Changes in adolescents’ sleep during COVID-19 outbreak reveal the inadequacy of early morning school schedules

Santos, Jefferson Souza; Louzada, Fernando Mazzilli

doi:10.5935/1984-0063.20200127

ABSTRACT:

OBJECTIVES: The forced closure of schools during the COVID-19 outbreak imposed on adolescents a new reality of home-schooling. This new situation has affected adolescent sleep patterns due to the absence of the pressure to wake up earlier induced by school times during pandemic. This study aimed to investigate the changes in sleep and napping habits in Brazilian adolescents during the COVID-19 outbreak.
METHODS: A sample of 259 high school adolescents (mean age = 15.5 years) reported sleep and napping habits by means validated questionnaires in both baseline year (March-June 2019) and during COVID-19 lockdown (July 2020).
RESULTS: The tendency to eveningness was higher and daytime sleepiness was reduced during the social isolation. Time in bed (TIB) increased by more than 2 hours and sleep onset time was delayed during the pandemic. More adolescents reported getting enough TIB during the pandemic. Moreover, sleepiness during remote classes was reduced compared to that reported during traditional classes one year before. The nap habit decreased during the pandemic compared to the baseline year.
DISCUSSION: The lack of early wake-up pressure to attend school in the morning could explain the sleep improvements perceived during the COVID-19 outbreak.
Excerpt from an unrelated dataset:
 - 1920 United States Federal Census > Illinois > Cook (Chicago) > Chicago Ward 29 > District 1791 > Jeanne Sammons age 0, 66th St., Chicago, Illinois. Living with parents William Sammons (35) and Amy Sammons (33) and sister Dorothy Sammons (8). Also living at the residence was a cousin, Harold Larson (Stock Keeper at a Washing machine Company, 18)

Therefore, parents, educators, and policy makers need to discuss more feasible school times for adolescents in order to implement these changes as soon as returning to presential/hybrid learning.

Keywords: Adolescent; Sleep; Coronavirus Infections.

FIGURES

Citation: Santos JS, Louzada FM. Changes in adolescents’ sleep during COVID-19 outbreak reveal the inadequacy of early morning school schedules. 15(Special1):74. doi:10.5935/1984-0063.20200127

Received: November 25 2020; Accepted: March 12 2021

INTRODUCTION

Since the World Health Organization (WHO) declared COVID-19 as a public health emergency of international concern, countries around the world have adopted interventions to control the epidemic¹. Non-pharmaceutical interventions oriented by WHO have been implemented, such as isolation, quarantining, social distancing, and community containment¹. People worldwide needed to adapt their lives in a new stay- at-home situation what has impacted sleep and mental health^{2, 3, 4}. Many countries were forced to close schools and adopt home-schooling, which have generated negative consequences to mental health^5,6 and changes in adolescents’ sleep patterns^{7, 8, 9} - for example, a delay in sleep timing⁸.
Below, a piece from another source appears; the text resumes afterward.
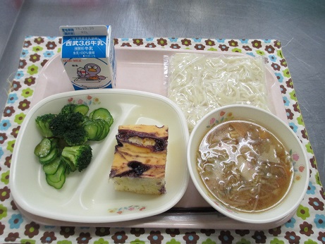 <サンマーメン 牛乳 ブルーベリーパンケーキ

Adolescence is considered a striking age range of physical and mental changes, which reinforces the essential role of adequate sleep in maintaining health and well-being¹⁰. Nevertheless, adolescents face chronic sleep restriction and some factors contribute to this insufficient sleep: social, caused by early school starting times; bioregulatory, responsible for delayed circadian rhythms and slowed sleep pressure; and psychosocial, since they experiment later nighttime screen use and more bedtime autonomy^11,12. However, a special concern has been raised about the detrimental effects of the early school starting times in adolescent sleep.

The interaction between circadian and homeostatic changes (inducing delayed bedtimes) and early school starting times (inducing earlier wake times) is one of the main factors affecting adolescents’ sleep¹². The need to wake up early for the morning shift students triggers social jet lag¹³, poor academic performance¹⁴, emotional impairments, and risk-taking behaviors¹⁵. These consequences are usually seen in countries where most of public high schools adopt an early morning shift. Therefore, students need to face this chronic sleep restriction, which results in the adoption of different strategies such as the consumption of caffeine, energy drink intake, and napping behavior to alleviate the detrimental effects of poor sleep time^{16, 17, 18}.

Napping is a frequent practice among adolescents to reduce daytime sleepiness and cognitive deficits experienced after sleep restriction¹⁹. In some countries, the nap habit is defined as a healthy lifestyle with schools providing specific times of the day to nap opportunity from primary to high school grades²⁰. Several studies have pointed out that napping provides benefts to sustained attention²¹, concentration²², to consolidate declarative and procedural memory^{23, 24, 25}, and to executive function improvements^{26, 27, 28}. On the other hand, prolonged naps have the potential to generate sleep inertia²⁹, impairing physical³⁰ and cognitive performances²⁹, affecting subsequent nocturnal sleep^17,31.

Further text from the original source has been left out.